Maybe, you’re a parent, and you’re looking at your single friends or your empty nesting friends and their clean, non-food stained outfits on Instagram. You’re blessed, you have kids that need you and whom you can raise in God’s love.
Maybe, you’re stacking yourself up against other people’s accomplishments, your siblings, friends, neighbors, and co-workers. Don’t do it—You’re unique, your story is unique, nobody else has that.
I grew up in New York City. And in the Big Apple, there is a certain societal pressure to achieve more, and go further. For example, the public high school system allows you to apply to a school you may not be zoned to. I applied to the Ivy League feeder schools that were expected of me.
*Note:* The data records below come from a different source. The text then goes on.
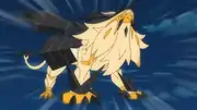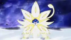 In Filling the Light with Darkness!, Solgaleo and Lunala were playing in an Ultra Wormhole when they were attacked by a Necrozma. They fled as Necrozma pursued them through the Ultra Wormhole. It eventually wound up being injured by one of Necrozma's attacks and was left behind.
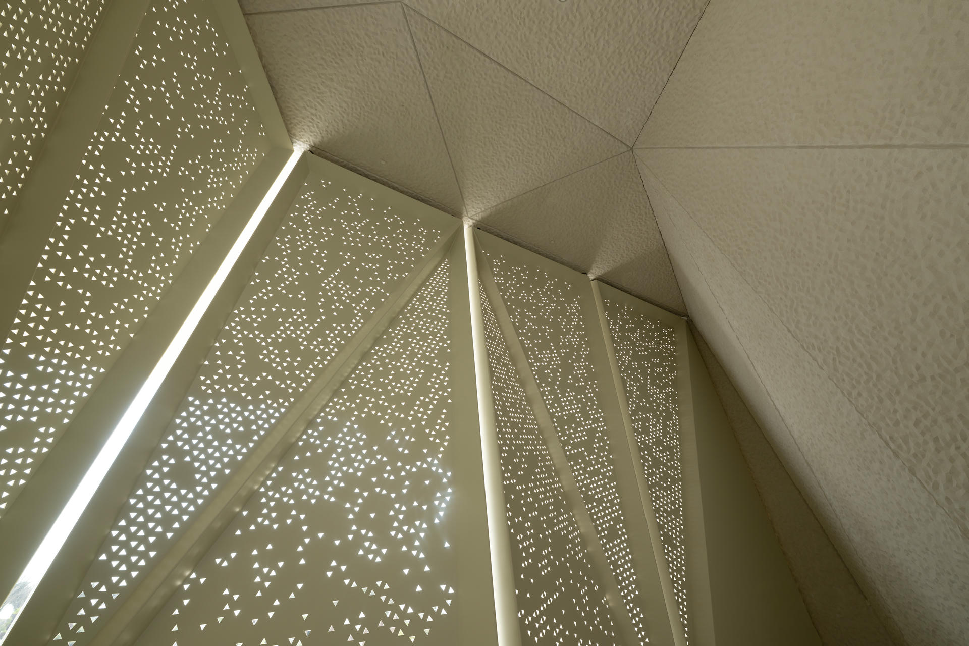 Charakterystycznym elementem bryły jest pięć lekkich, stalowych skrzydeł pełniących funkcję naturalnych kominów wentylacyjnych. Dzięki podciśnieniu powstającemu na zawietrznej stronie wież oraz nagrzewaniu ich szczytów, gorące powietrze jest odprowadzane z atrium, a schłodzone w podziemnych kanałach powietrze trafia do wnętrza. Skrzydła są przeszklone i regulowane, a ich geometria zapewnia dopływ naturalnego światła do galerii.
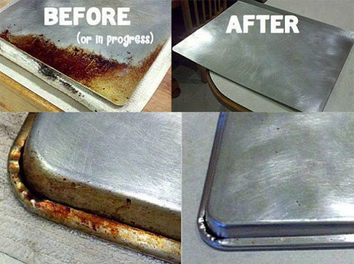 How to clean your cookie sheets -- This really works. This is an earth friendly cleaner which will get that baked on residue off your pots and pans.
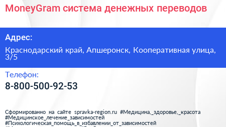 MoneyGram, система денежных переводов по адресу Краснодарский край, Апшеронск, Кооперативная улица, 3/5 в дальнейшем Организация, размещена в следующих категориях:
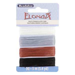 einzelnen dehnbaren Strängen, die miteinander verbunden sind und so für hervorragende elastische Eigenschaften sorgen. Die mehrsträngige Konstruktion von Elonga sorgt für einen weichen, seidigen Fall und ist ideal für leichte Perlen.
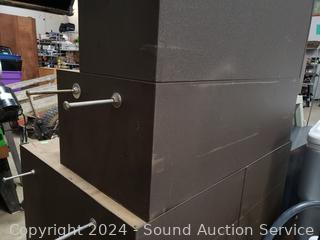 Comes with 4 keys. Felt lined drawers, ball bearing drawer guides. 57" H x 29" W x 13" to 20" D. Signs of wear from use, overall good condition.
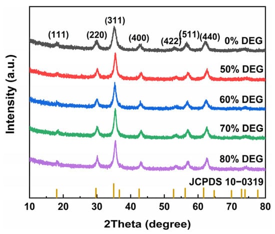 The crystal structure of the MnFe2O4 nanoparticles was determined by XRD, and the corresponding XRD patterns are shown in Figure 4. Characteristic diffraction peaks were observed at 2θ = 18.18°, 29.90°, 35.20°, 42.71°, 53.05°, 57.08°, and 62.20°, corresponding to the (111), (220), (311), (400), (422), (511), and (440) crystal planes of the MnFe2O4 spinel structure (JCPDS 10-1039), indicating successful synthesis of MnFe2O4 nanoparticles via the solvothermal method. The XRD patterns of samples synthesized with varying diethylene glycol ratios in the solvent system were all in good agreement with the standard card, confirming that the nanoparticles synthesized with different solvent systems remained as MnFe2O4.

Everyone I knew got accepted: my classmates, my church friends, everyone. Except me. I was unhappy, bitter, and ungrateful when I only was accepted to my zoned high school because I compared myself to everyone else. I refused to see the blessings God was bestowing on my life.
Here’s the funny thing, when we have a comparison mindset, we also tend to develop an attitude of entitlement. If we really want to recognize God’s blessings and respond to Him in praise, then each of us need to:
Recognize My Own Entitlement Mindset
In Jesus’ parable, these workers who were hired first were waiting to get paid and they started comparing the wages of the people hired later than them and their pay. That made them think they would get more because they worked more. Look at verse 11 and 12
11 And on receiving it the grumbled at the master of the house, 12 saying, ‘These last worked only one hour, and you have made them equal to us who have borne the burden of the day and the scorching heat.’ (Matthew 20:11-12).
At first glance, these guys who worked the long and grueling twelve hour shift, well they may have reason to complain—it’s kind of unfair that they are paid the same as the guys who only worked an hour. But when we look at the story again, verse 3 says the master of the house and the laborers agreed to the wage before work was begun. As such, the guys working the twelve hour shift were paid exactly as promised. What were they grumbling and complaining about? Do we share their entitlement mindset?
There is a new person at work who is making what you’re making but doing half the work with half the experience. He or she is not as efficient as you are. The person can’t write as many lines of code as you per hour or design the variety of widgets needed to fit the unnamed protype car as quickly as you. In fact, he or she isn’t even sacrificing time with family, friends, and Fortnite like you. So every time you walk into the office, your entitlement mindset kicks in and you grumble and complain.
I failed to recognize Jesus’ love for me when I got rejected from all those high schools I felt entitled to. I recognized Jesus as the greatest blessing in my life, and as my Lord and Savior, while a student at this school. The best part of this story is that a friend who didn’t even appear to be a good Christ follower, convinced me to ditch class one day. And since I already felt the school was beneath me, I was entitled to a day off. So, well, I cut school. Once we committed our truancy, though, this rebel friend brought me to a Christian club meeting where I recognized my entitlement mindset blinded me from seeing God’s work in my life. I understood then that God didn’t need to, but He chose, to save me at my worst. Because He loves me more than words could express.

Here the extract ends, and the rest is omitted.